Classic Coleslaw

Cuisinart original

Yields

Makes about 10 cups

Ingredients

1 small head green cabbage (about 1 pound, 6 cups)
1        small head red cabbage (about 1 pound, 6 cups)
1 pound carrots (3 cups)
1 fennel bulb
1½ teaspoons kosher salt
½ cup fresh parsley
1½ cup mayonnaise
1½      tablespoons white vinegar
1½ teaspoons celery seed
1          teaspoon freshly ground black pepper
¾ teaspoon granulated sugar

Nutritional information

Nutritional information per serving (1 cup):
Calories 153 (77% from fat) • carb. 8g • pro. 1g • fat 13g • sat. fat 2g • Col. 12mg • sod. 286mg • calc. 45mg • fiber 3g

Vegetarian • Gluten Free

Instructions

1. Insert the Slicing Disc Assembly adjusted to 4mm. Secure the Food Processor Lid.
2. Slice a small head each green and red cabbage (about 1 pound each) on Speed 12.
3. Remove and reserve in a large bowl. Replace the Slicing Disc with the Shredding Disc adjusted to coarse shred.
4. Shred the pound of carrots and fennel bulb on Speed 12.
5. Remove and reserve with the cabbage.

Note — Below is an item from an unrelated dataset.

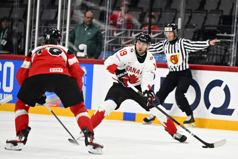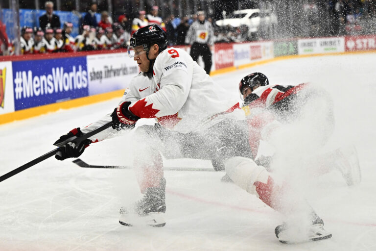 Kanadský útočník Adam Fantilli počas zápasu proti Rakúsku v základnej A-skupine na MS v hokeji 2025. Štokholm (Avicii Arena), 15. máj 2025. Foto: Anders Wiklund/TT News Agency via AP.

Toss vegetables together with 1½ teaspoons salt and let sit for about an hour.
6. Replace the Shredding Disc Assembly with the Metal Chopping Blade and add ½ cup fresh parsley to the work bowl.
7. Pulse to evenly chop.
8. Add 1½ cups mayonnaise, 1½ tablespoons white vinegar, 1½ teaspoons celery seed, 1 teaspoon freshly ground black pepper and ¾ teaspoon sugar. Secure the Food Processor Lid.
9. The processor is set to blend for 20 seconds on Speed 10.
10. Squeeze out any moisture from the vegetables and drain.
11. Toss with the mayonnaise dressing. Taste and adjust seasoning according to preference.